Der Vergleich der genomischen Sequenz des/der PatientIn mit einer Referenzsequenz unter Anwendung unterschiedlichster Techniken dient der Erkennung von Unterschieden bzw. genomischen Varianten. Jede dieser Techniken kommt mit Einschränkungen, die abgewogen werden müssen, wie die Anwendbarkeit, Kosten, Zeitaufwand, Verfügbarkeit und Präzision. Zum Beispiel können einige Techniken nur für DNA- aber nicht RNA- oder Protein-Sequenzen angewandt werden. Andere können nur bestimmte Veränderungstypen detektieren.
Auch wenn Variantenbefunde anhand eines Referenzvergleiches viele Anwendungsfälle abdecken, gibt es einige Varianten in der Bevölkerung, für die keine „reguläre“ Referenzsequenz existiert. In diesen Fällen wird oft über die gesamte Sequenz berichtet.
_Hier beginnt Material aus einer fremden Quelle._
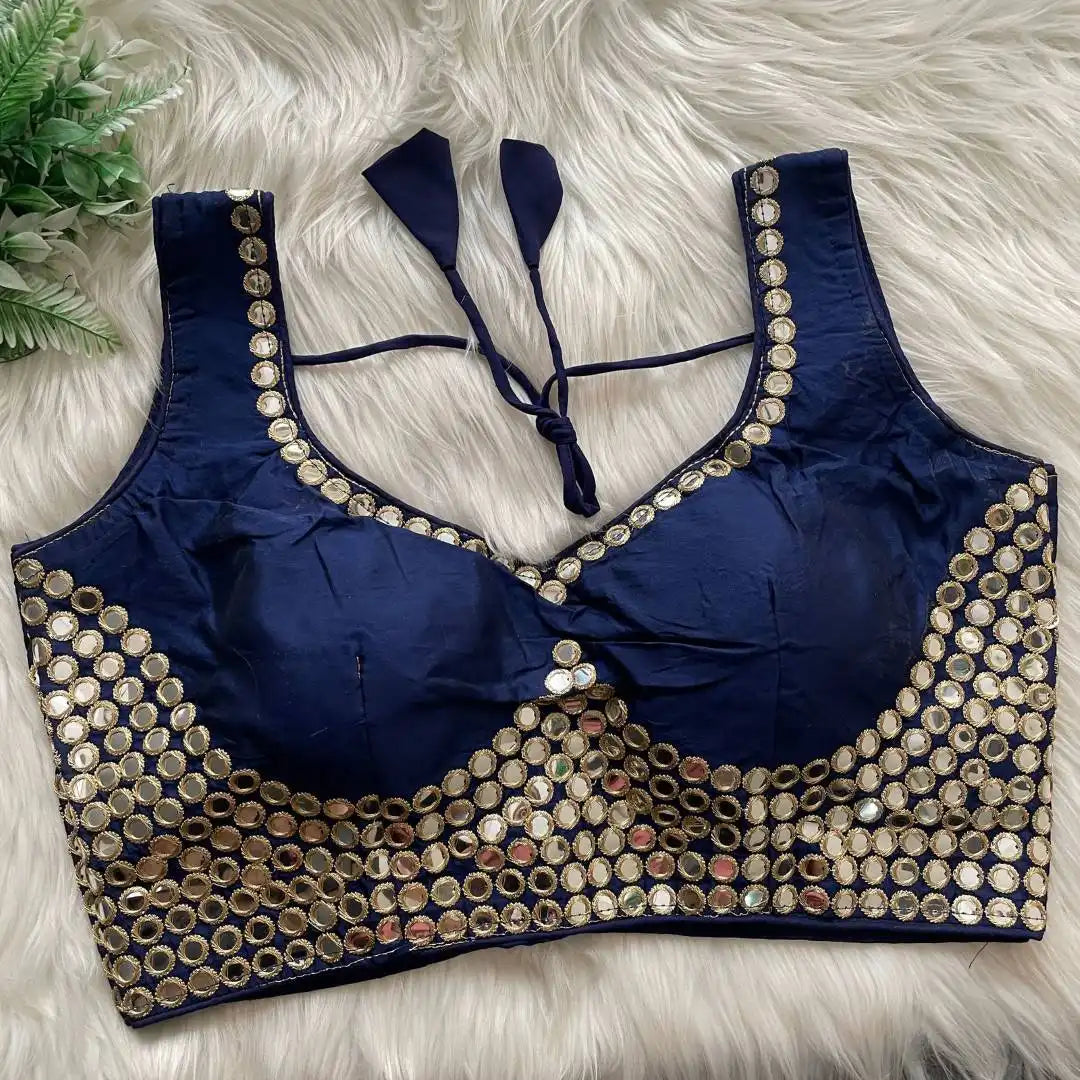Blouse: | Satin silk with fusing | DESGINE:- New desgine SEQUENCE DARPAN VOL-3* back Doori , fully sequence mirrors and jari work make ur look awesome sleeves less. |

Eine bekannte Sequenz kann an dieser Stelle auch als designierte Referenz für den Vergleich herangezogen werden.
Sequenzunterschiede können in verschiedenen Granularitätsebenen auftreten, die von chromosomalen oder polychromosomalen Abnormalitäten zu zusätzlichen oder fehlenden Chromosomen reichen, aber auch großflächige Unterschiede (wie im Fall von Mikrosatellitinstabilitäten) und einzelne Nukleotidveränderungen (Single Nucleotide Polymorphism/Variations, kurz SNP oder SNV) umfassen.
Bekannte genomische Varianten werden oft mit einem Kode bezeichnet und innerhalb von Kodesystemen katalogisiert. Damit kann auf einfache Weise das Wissen mit Informationen für eine bestimmte Probe verknüpft werden. Befunde können auf den passenden Kode verweisen und damit hat der/die MedizinerIn dann die Möglichkeit, relevante Informationen, die mit dem Kode assoziiert sind, nachzuschlagen. Jedoch werden manchmal Varianten detektiert, denen noch kein standardisierter Kode zugeordnet wurde. In diesen Fällen wird die Beschreibung der Variante und ihrer Lokalisation im Befund kommuniziert. Selbst wenn ein Kode für die Variante existiert, werden oft detaillierte Beschreibungen des Variantentyps mit in den Befundbericht aufgenommen.